Не убивайте звезды на предплечьях (СИ)
— Арс, — хрипло проскулил он, сжимая дрожащими пальцами лист. — Я получил результаты теста, который сдал анонимно месяц назад, — плакал он. — Он положительный. Я болен, Арс, — дрожал от потрясения его голос. — Я, блять, ВИЧ-инфицирован нахуй.
Перед глазами у меня начало темнеть. И я разом вспомнил всё. Все разговоры Чарльза и Оливера, свидетелем которых нечаянно стал. Передача по телевизору дома у Чарльза. Заголовки газет и поведение Эммета, когда Тод выпил из его стакана. Кусочки паззла в моей голове сложились.

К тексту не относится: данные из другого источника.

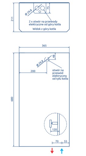 - ocieplenie kotła wełna mineralna λ0,042W/m2K;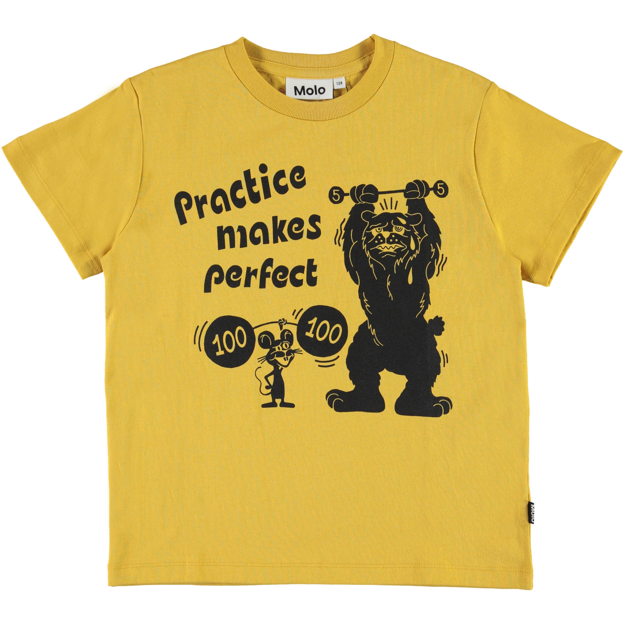 Roxo is een geel t-shirt met een humoristische print van twee dieren gewichtheffen en de tekst ‘Practice makes perfect’.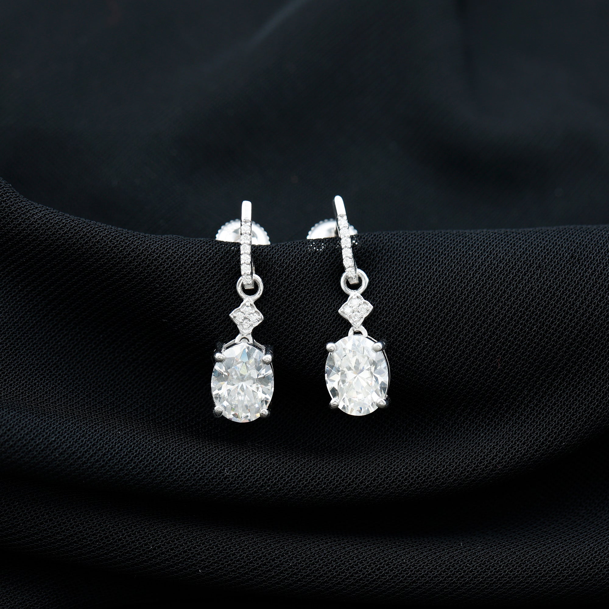 Oval Cut Lab Grown Diamond Dangling Earrings For Bride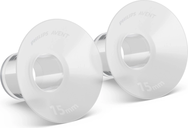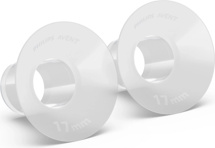 Die Einsätze in 15 mm und 17 mm füllen den Raum in 21-mm-Brustschilden aus, damit das Abpumpen auch beim freihändigen Gebrauch bequem, sanft und stabil ist.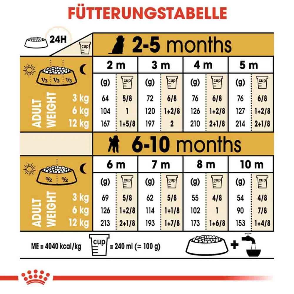 ROYAL CANIN Poodle Puppy wurde speziell für Pudel Welpen bis zu 12 Monaten entwickelt. Dank eines exklusiven Antioxidanzienkomplexes (einschließlich Vitamin E) hilft das Welpenfutter dabei, die körpereignen Abwehrkräfte zu unterstützen, während sie sich allmählich entwickeln. Weiterhin enthält ROYAL CANIN Poodle Puppy eine spezielle Kombination von Nährstoffen mit hochwertigen Proteinen (L.I.P.), die speziell für ihre hohe Verdaulichkeit ausgewählt wurden.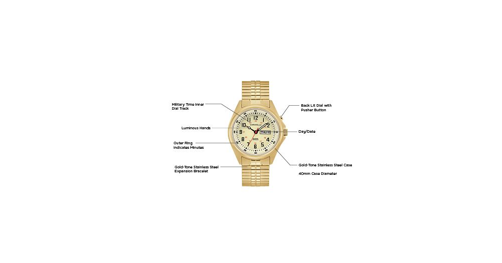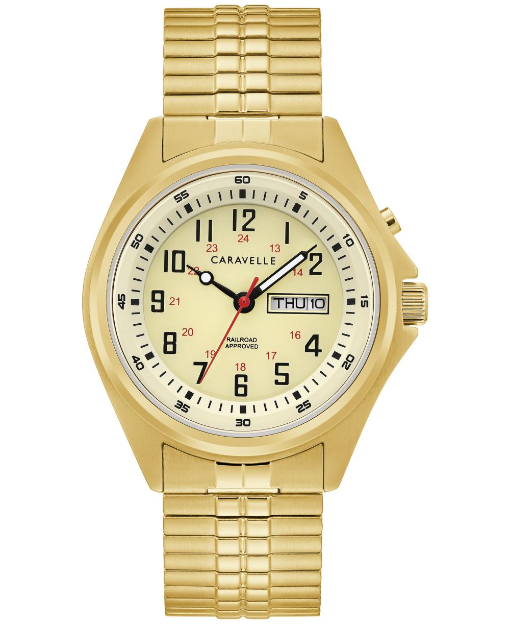 Caravelle Mens Traditional Gold Tone Stainless Steel Expansion Bracelet Watch 40mm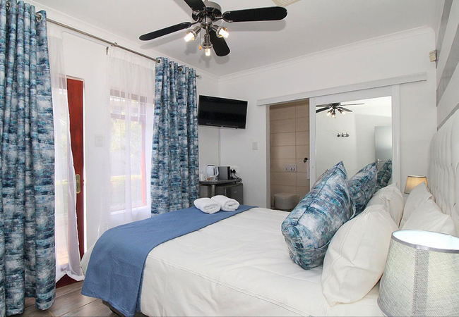 The Blue Room is a luxury room furnished with a Queen-size bed. The en-suite bathroom is fitted with a shower, toilet and basin. All the rooms are air conditioned and are equipped with a ceiling fan, Smart TV, Wi-Fi, tea / coffee making facilities, Nespresso Machine and fridge.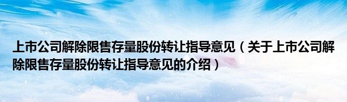 大家好,小安来为大家解答以上的问题。上市公司解除限售存量股份转让指导意见,关于上市公司解除限售存量股份转让指导意见的介绍很多人还不知道,现在让我们一起来看看吧!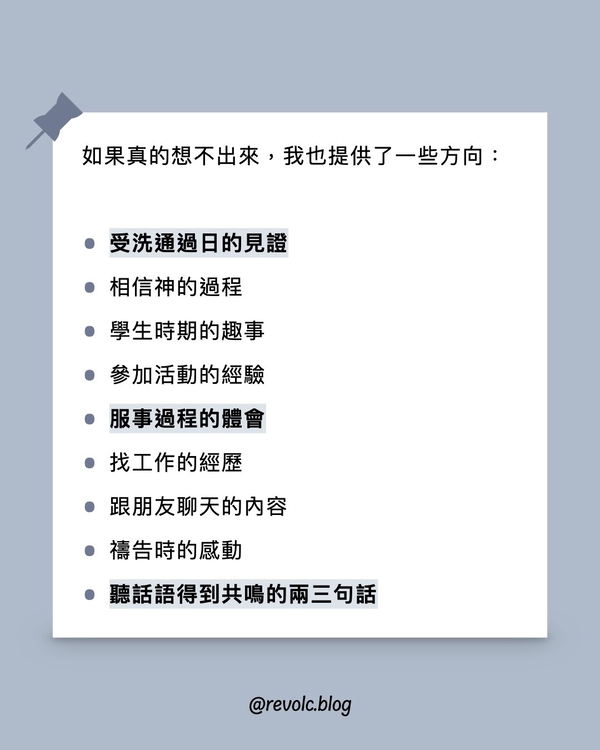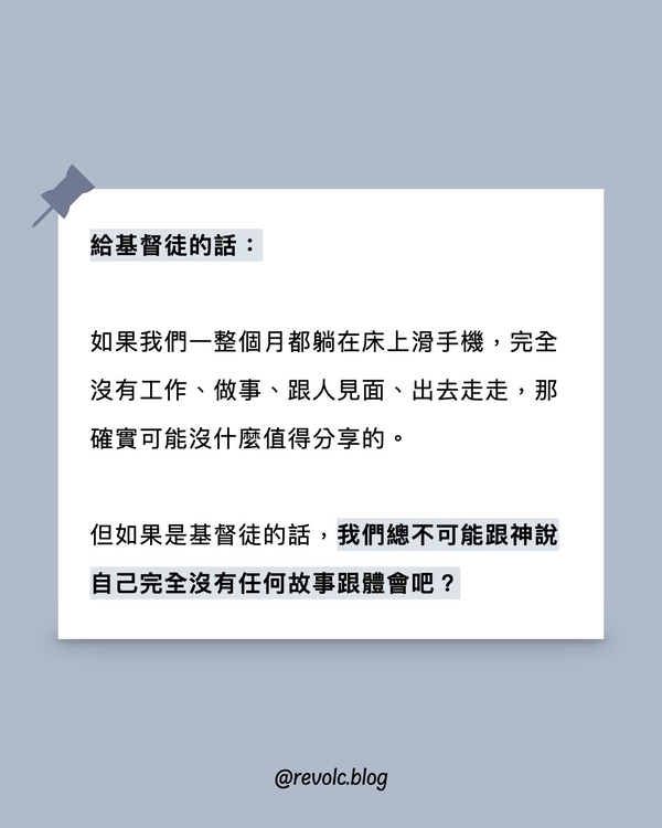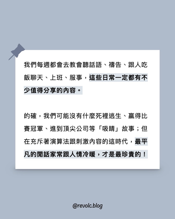 我們每週都會去教會聽話語、禱告、跟人吃飯聊天、上班、服事,這些日常一定都有不少值得分享的內容。
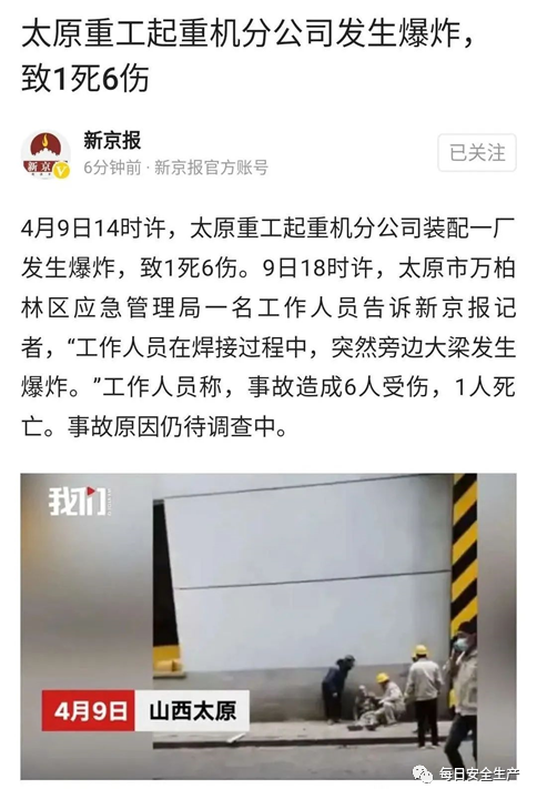 突发事故通报:4月9日14时许,太原重工起重机分公司装配一厂发生爆炸,致1死6伤。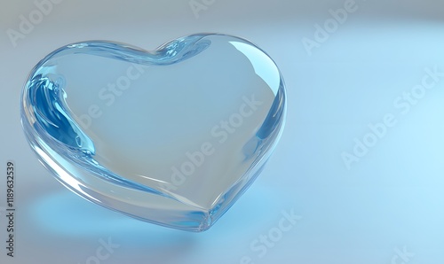 Translucent blue glass heart on light blue background.

Антон болен. Болен тем, что люди даже не знают, как лечить.
Сердце заколотилось в грудной клетке так сильно, что у меня начали болеть ребра. Я даже не мог объяснить, что чувствую. Я просто держал в голове лишь одну мысль: я не смогу никогда его оставить. Я останусь с ним навсегда.
Нужно было лишь сломать оковы. Я сорвался с места.
— Арс, не уходи! — кричал Антон. — Останься, ты нужен мне! Ты нужен мне сейчас, пожалуйста!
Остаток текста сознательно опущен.